Section 16(2) of the Limitation Law of Lagos State provides as follows:

“The following Section shall apply to an action by a person to recover land.

(a) Subject to paragraph (b) of this sub-section no such action shall be brought after the expiration of twelve years from the date on which the right of action accrued to the person bringing it or if it first accrued to some person through whom he claims to that person.”

In view of the foregoing provisions, I am of the view that the trial court therefore fell into serious error when it held that:

“As between the plaintiff and the defendants the statute does not apply as they are within time,”

Between 1946 when the cause of action accrued and the time the appellant took out his Writ of Summons on 16th November, 1977. it was clearly thirty-one years of G inaction – call it acquiescence – when appellant did nothing to assert his rights.
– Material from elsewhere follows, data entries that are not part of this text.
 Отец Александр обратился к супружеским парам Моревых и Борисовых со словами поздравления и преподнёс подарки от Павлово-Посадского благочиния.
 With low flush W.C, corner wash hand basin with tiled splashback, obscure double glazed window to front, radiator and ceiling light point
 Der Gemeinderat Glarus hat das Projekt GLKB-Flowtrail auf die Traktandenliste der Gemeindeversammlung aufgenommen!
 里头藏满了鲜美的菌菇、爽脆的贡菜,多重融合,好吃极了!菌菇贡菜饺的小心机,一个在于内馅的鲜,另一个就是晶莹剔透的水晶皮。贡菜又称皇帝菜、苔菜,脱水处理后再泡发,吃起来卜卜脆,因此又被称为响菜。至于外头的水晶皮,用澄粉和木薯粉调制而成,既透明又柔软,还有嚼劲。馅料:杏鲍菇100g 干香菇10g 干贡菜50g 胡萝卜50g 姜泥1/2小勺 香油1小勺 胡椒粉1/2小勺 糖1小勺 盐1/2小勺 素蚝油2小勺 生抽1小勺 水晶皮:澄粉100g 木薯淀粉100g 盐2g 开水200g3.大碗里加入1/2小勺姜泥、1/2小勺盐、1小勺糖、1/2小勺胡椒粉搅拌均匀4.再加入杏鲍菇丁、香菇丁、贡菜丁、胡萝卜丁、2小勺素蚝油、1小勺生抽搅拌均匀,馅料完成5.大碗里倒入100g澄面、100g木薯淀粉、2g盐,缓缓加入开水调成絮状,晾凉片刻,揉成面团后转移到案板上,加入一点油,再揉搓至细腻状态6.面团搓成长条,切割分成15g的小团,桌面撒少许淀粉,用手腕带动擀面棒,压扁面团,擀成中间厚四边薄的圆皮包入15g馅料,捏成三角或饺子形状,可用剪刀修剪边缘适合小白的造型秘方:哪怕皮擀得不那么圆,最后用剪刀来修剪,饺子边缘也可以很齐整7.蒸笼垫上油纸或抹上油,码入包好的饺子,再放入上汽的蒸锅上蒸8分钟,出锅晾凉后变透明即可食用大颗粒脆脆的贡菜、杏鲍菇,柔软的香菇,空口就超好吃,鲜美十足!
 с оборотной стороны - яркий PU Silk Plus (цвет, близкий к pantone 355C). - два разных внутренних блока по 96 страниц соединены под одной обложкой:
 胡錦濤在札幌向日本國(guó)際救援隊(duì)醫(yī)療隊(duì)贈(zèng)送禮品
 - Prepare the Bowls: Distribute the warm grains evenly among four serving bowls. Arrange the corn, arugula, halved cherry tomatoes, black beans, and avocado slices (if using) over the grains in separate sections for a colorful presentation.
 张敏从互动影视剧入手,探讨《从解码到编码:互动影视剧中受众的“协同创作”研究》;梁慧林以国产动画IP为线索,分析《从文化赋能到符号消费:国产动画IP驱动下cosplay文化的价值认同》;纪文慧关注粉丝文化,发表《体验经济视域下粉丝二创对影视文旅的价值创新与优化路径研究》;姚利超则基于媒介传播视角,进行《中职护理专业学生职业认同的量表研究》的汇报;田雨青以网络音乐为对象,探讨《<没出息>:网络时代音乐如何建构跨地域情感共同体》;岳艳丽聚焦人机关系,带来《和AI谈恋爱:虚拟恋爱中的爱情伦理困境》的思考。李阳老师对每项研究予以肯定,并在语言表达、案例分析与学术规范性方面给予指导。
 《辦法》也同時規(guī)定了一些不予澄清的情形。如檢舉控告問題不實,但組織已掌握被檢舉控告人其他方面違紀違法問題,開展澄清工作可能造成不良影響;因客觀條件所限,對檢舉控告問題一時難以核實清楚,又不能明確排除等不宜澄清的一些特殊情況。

See Atunrase v. Sunmola (supra).

The effect of the law (Limitation Law, Lagos State) is in my view not only that the appellant could not sue at the time he went to court, but that by failure to abide by the provisions of section 21 of the same Law which provides that:

“21. On the expiration of the period fixed by this law for any person to bring an action to recover land, the title of that person to the land shall be extinguished,”

See Sosan v. Dr. M. B. Ademuyiwa S.C3/1984 of 16/5/86 (1986) 3 NWLR (Pt. 27) 241. The appellant was therefore suing the respondents in 1977, late in the day, to revive a dead claim. Appellant’s action thereby became statute-barred. See Fadare & Ors v. Attorney General of Oyo State (1982) 4 S.C.1 at page 8.

The result of all I have been saying is that Issue 3 is also answered in the affirmative. The appeal accordingly fails and it is dismissed with costs assessed at N1,000 only in favour of the respondents.